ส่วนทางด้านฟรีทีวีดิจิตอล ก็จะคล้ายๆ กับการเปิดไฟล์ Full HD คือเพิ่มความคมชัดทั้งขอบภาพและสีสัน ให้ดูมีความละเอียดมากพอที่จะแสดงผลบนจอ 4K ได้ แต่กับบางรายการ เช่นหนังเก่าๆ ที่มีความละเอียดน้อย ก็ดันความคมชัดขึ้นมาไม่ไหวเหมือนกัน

* * *

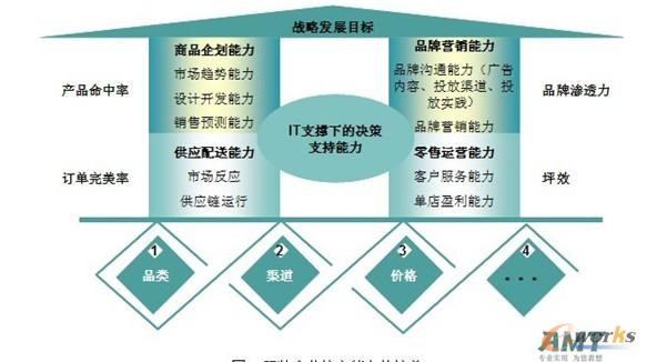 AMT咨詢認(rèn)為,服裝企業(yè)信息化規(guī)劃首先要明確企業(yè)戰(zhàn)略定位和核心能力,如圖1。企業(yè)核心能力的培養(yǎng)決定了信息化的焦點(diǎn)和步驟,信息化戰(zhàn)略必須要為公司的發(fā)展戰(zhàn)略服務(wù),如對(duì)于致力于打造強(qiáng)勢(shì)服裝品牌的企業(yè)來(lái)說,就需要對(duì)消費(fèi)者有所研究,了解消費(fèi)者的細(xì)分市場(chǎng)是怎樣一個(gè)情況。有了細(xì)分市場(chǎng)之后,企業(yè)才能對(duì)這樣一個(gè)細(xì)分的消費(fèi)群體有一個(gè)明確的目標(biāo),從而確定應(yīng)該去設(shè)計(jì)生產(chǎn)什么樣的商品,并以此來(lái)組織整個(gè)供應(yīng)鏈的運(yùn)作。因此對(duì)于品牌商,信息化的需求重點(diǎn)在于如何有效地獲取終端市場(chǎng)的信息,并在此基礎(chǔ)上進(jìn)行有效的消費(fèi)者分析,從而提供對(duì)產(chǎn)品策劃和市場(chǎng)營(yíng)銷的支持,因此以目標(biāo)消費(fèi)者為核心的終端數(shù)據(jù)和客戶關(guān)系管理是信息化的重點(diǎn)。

---

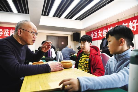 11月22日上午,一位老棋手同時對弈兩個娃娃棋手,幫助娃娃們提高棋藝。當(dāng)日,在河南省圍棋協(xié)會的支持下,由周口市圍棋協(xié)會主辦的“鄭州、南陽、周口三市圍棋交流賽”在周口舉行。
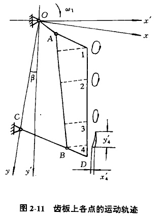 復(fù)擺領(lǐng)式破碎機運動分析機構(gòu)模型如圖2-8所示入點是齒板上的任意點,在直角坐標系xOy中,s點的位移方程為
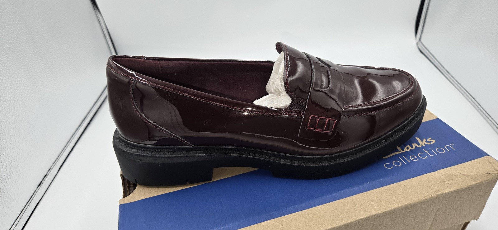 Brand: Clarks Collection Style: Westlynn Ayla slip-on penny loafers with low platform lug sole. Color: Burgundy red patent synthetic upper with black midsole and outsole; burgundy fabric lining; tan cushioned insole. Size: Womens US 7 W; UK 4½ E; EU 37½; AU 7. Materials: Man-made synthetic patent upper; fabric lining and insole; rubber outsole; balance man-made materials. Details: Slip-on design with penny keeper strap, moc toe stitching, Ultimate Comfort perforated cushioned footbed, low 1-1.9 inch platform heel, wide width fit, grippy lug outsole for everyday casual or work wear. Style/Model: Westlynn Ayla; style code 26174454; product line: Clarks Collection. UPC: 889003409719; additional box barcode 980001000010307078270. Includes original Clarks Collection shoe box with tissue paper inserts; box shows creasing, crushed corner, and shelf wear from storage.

WORK ITEM
Take the entries above and copy exactly the lines starting at the one with "11月22日上午,一位老棋手" and ending at the one with "復(fù)擺領(lǐng)式"; nothing outside that span, and no pictures.

TASK SOLUTION
 11月22日上午,一位老棋手同時對弈兩個娃娃棋手,幫助娃娃們提高棋藝。當(dāng)日,在河南省圍棋協(xié)會的支持下,由周口市圍棋協(xié)會主辦的“鄭州、南陽、周口三市圍棋交流賽”在周口舉行。
 復(fù)擺領(lǐng)式破碎機運動分析機構(gòu)模型如圖2-8所示入點是齒板上的任意點,在直角坐標系xOy中,s點的位移方程為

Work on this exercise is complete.